Described variously as “ugly, divisive politics” (Sarah Teather MP), a “valuable tool for racist landlords” (Maurice Mcleod), “meandering popularism” (John Harris) and “immigration policy that has lost even any semblance of correlation with reality” (Dave Stamp of ASIRT), there’s a lot to digest (or spit out, disgusted) in the new Immigration Bill.
In this latest post, NCADC’s legal volunteer Jacqueline analyses the major policy changes, and the responses they have provoked.
A new Immigration Bill has been published by the Home Office, aimed at making it tougher for migrants to settle in the UK. The changes will include reducing appeal rights, limiting access to health care, new requirements for private landlords, restrictions on bank account access and bail application restrictions. For details of the new clauses, see this summary on the Free Movement blog.
One of the most significant changes this bill is making is the curtailment of appeal rights. Theresa May said “We are reducing the number of appeal rights that currently exist. There are seventeen, we are taking this back down to four…This bill will mean that it will be easier for us to remove people who shouldn’t be here”.
BBC home affairs correspondent, Dominic Casciani, gives a useful summary of what the reduction of 17 to 4 appeal rights actually involves. 14 of the immigration decisions which can be appealed are found in the Nationality, Immigration and Asylum Act 2002 and include decisions such as refusal to allow someone to enter the UK, or decisions to deport or remove someone. The three decisions not included in the 2002 act are:
- Decisions in asylum cases;
- Decisions to revoke refugee status;
- and Decisions which breach EU law (such as freedom of movement).
With the new Bill in place, it will only be possible to appeal cases:
- involving a human rights claim;
- where someone says they need humanitarian or asylum protection;
- where such protection has been revoked; or
- where someone has a right to stay under EU law.
In addition to this, any appeals by “foreign criminals” will only be heard after they have been removed, with the caveat that this will not be the case if there is risk of “serious and irreversible harm”. It is asserted that, given the bounteous volume of cases in which an appeal against a Home Office decision is successful, they simply cannot be trusted to make a conclusive first-instance decision that there is no risk of serious and irreversible harm to someone being deported before their appeal is heard.
The four categories of appeal do not include instances where there is a factual error which has resulted in a bad decision. It is therefore expected that there will be a massive increase in judicial review cases, which are more expensive than appeals (assuming judicial review is not subsequently limited – after controversy over recent proposals, a government consultation on this is forthcoming). A new system of “Administrative Review” (internal review) is currently being developed, supposedly to help limit the impact of the new restrictions on judicial review.
Access to NHS
The new bill is going to “introduce a new requirement for temporary migrants, for example, overseas students, who have only a time-limited immigration status to make a contribution to the National Health Service”.
Like most of other draconian changes, a new requirement that migrants contribute to the NHS has already come under heavy criticism.
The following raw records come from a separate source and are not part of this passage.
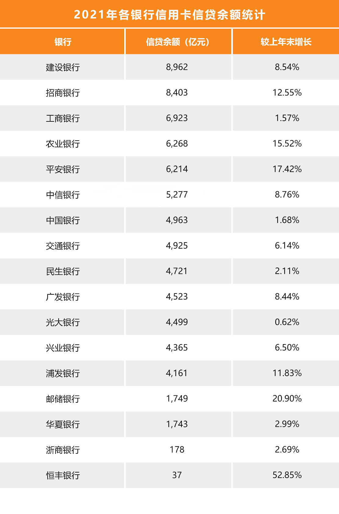 从信贷余额增幅来看,所有银行均实现信用卡信贷余额正向增长,增幅最高的为恒丰银行,较上年末增长52.85%,是唯一一家增幅超过50%的银行。此外,邮储银行、平安银行、农业银行等6家银行实现信贷余额增幅超过两位数。
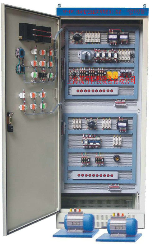1、本裝置采用標準配電柜為主體柜,充分利用該柜雙面空間位置,每一面分別設(shè)有機床電氣線路;
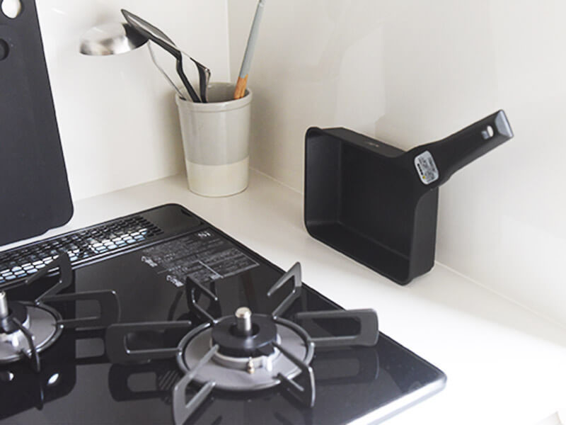 suttoのミニフライパンは一般的なものより少し深型。側面にリブがしっかりあるため、倒れずに立てることができます。だからコンロ横の狭いスペースにも、道具がぎっしり詰まったシンク下の引き出しにも、ちょっとした隙間に立てて収納OK。
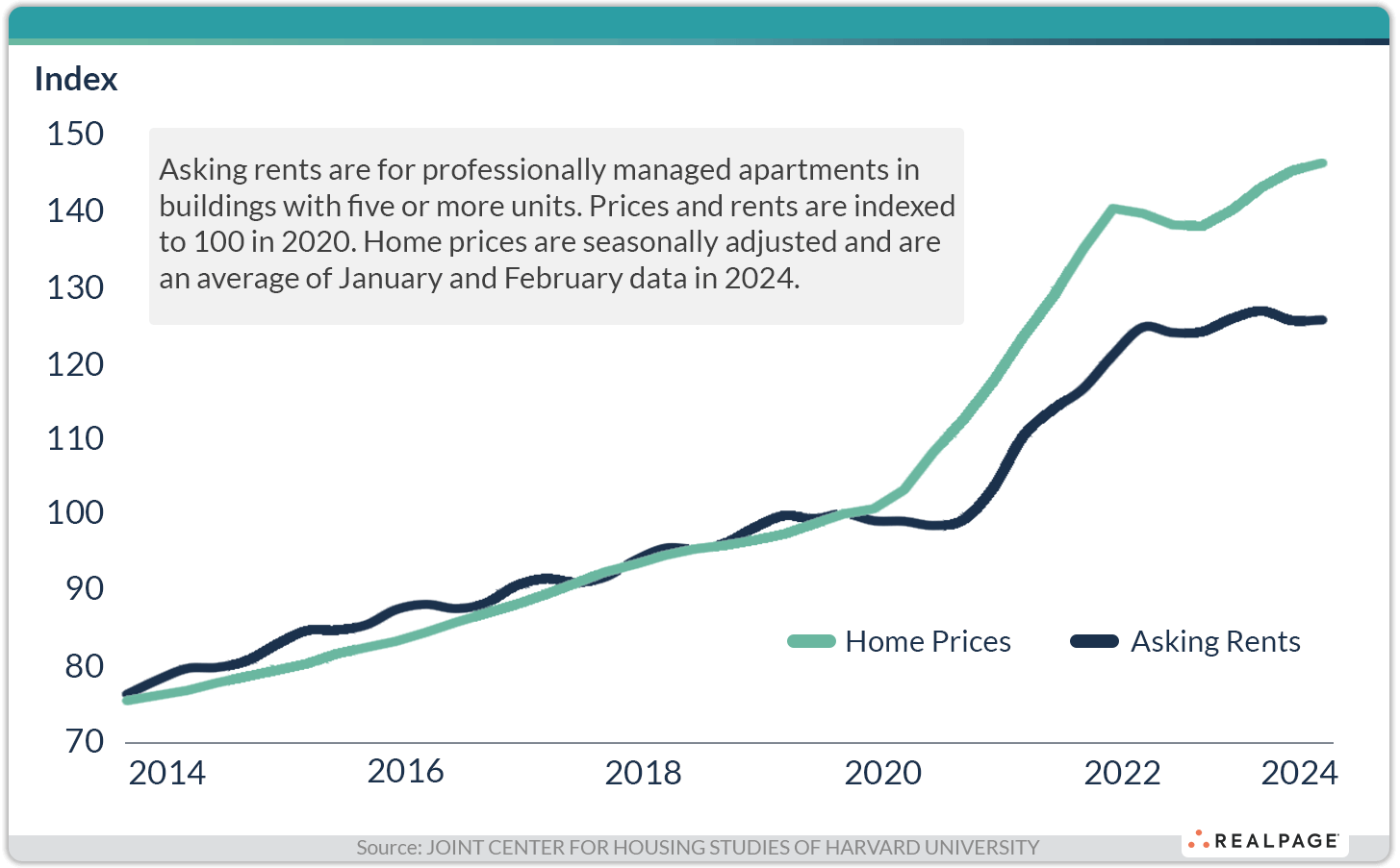 The quarterly report, which utilized data from RealPage Market Analytics, among other sources, emphasized that apartment rents and for-sale housing prices remained elevated in early 2024, as inventories remain historically low. While construction for both single-family homes and apartments is accelerating, deliveries are not yet coming online at a quick enough pace.
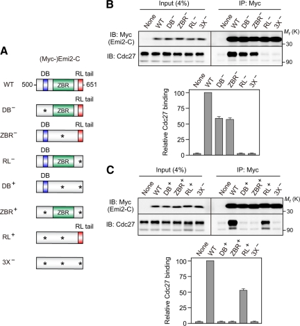 Figure 4. Comparison of the binding affinities of the D-box, the ZBR, and the RL tail to the APC/C. (A) Schematic representation of various Emi2-C constructs. Each Emi2-C construct is N-terminally tagged with three Myc-epitopes. Asterisk, Ala mutation of the essential residue(s) in the indicated motifs (see text for details). (B and C) CSF extracts were incubated with 35 ng/μl mRNA encoding the indicated (Myc-)Emi2-C constructs for 1 h and subjected to Myc immunoprecipitation followed by Cdc27 immunoblotting (top). The levels of coprecipitated Cdc27 were quantitated and normalized to (Myc-)Emi2-C proteins; the value obtained for Cdc27 coprecipitated with WT Emi2-C was set at 100, and all values are means ± SD of five independent experiments (bottom).
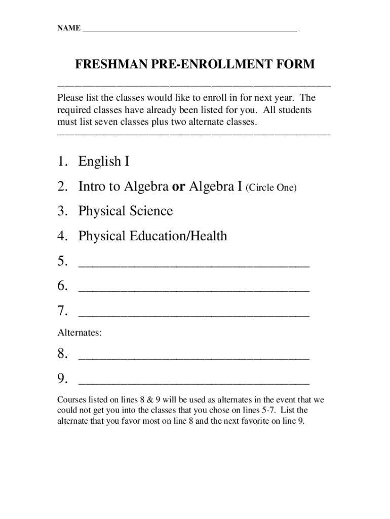 NAME FRESHMAN ENROLLMENT FORM Please list the classes would like to enroll in for next year. The required classes have already been listed for you. All students must list seven classes plus two alternate
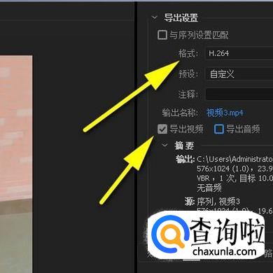 看面板右边这里,点开格式的下拉按钮,在弹出的各种格式中,选择H.264格式,再勾选:视频
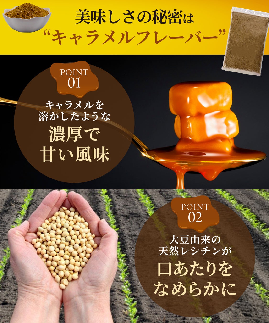 キャラメルを溶かしたようなコク深い甘み。大豆由来の天然レシチン配合で、口あたりがなめらかに。
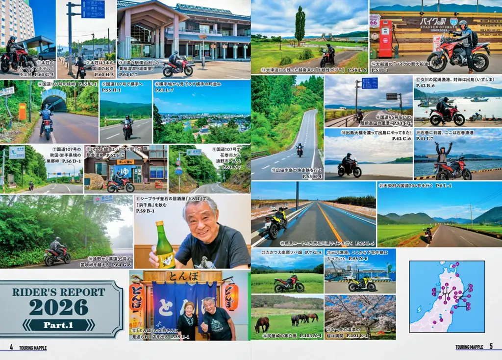 地図内容は取材担当ライダーによる実走取材、モニター情報、昭文社の地図データや取材網を活用して更新されています。道路や施設の開通・開業・閉鎖・移転といった経年情報に対応し、絶景や快走路、ワインディング、ダートといった道路コメントに加え、温泉、道の駅、グルメ、名水、歴史スポット、ダム、キャンプ場などのジャンル別コメントが追加または修正されています。
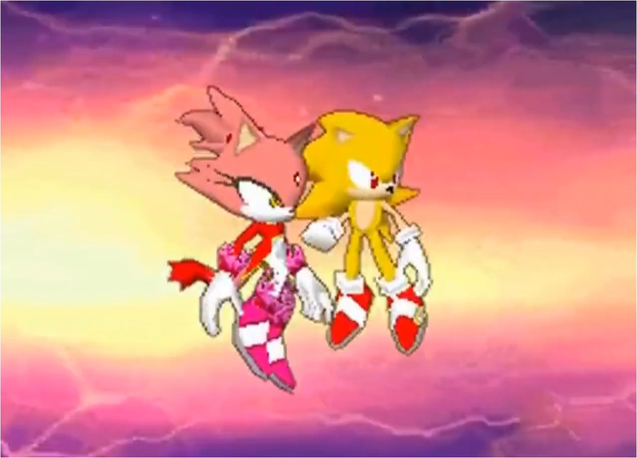 그리고 에메랄드의 진정한 사용법을 알게 된 블레이즈는 소닉과 함께 슈퍼화하여 에그 샐러맨더를 털어버리고, 소닉과 작별 인사와 악수를 나눈 뒤 자신의 세계로 돌아간다.

The charity Doctors of the World UK have condemned the new rules as “unethical”. DOTW take a balanced view of the bill, opining that it is perhaps reasonable to require, for example, tourists or students, to be insured and use this insurance to contribute to health costs. However, they draw a distinction between levying the affluent as opposed to penalising the vulnerable:
[The] economic and ethical justifications fail in the proposal to charge those in clinical need who have no way of paying the £200 levy, or any other costs for that matter. These include vulnerable groups such as undocumented migrants (who have no access to public funds), trafficked people (usually women and children), visa over stayers and domestic slaves.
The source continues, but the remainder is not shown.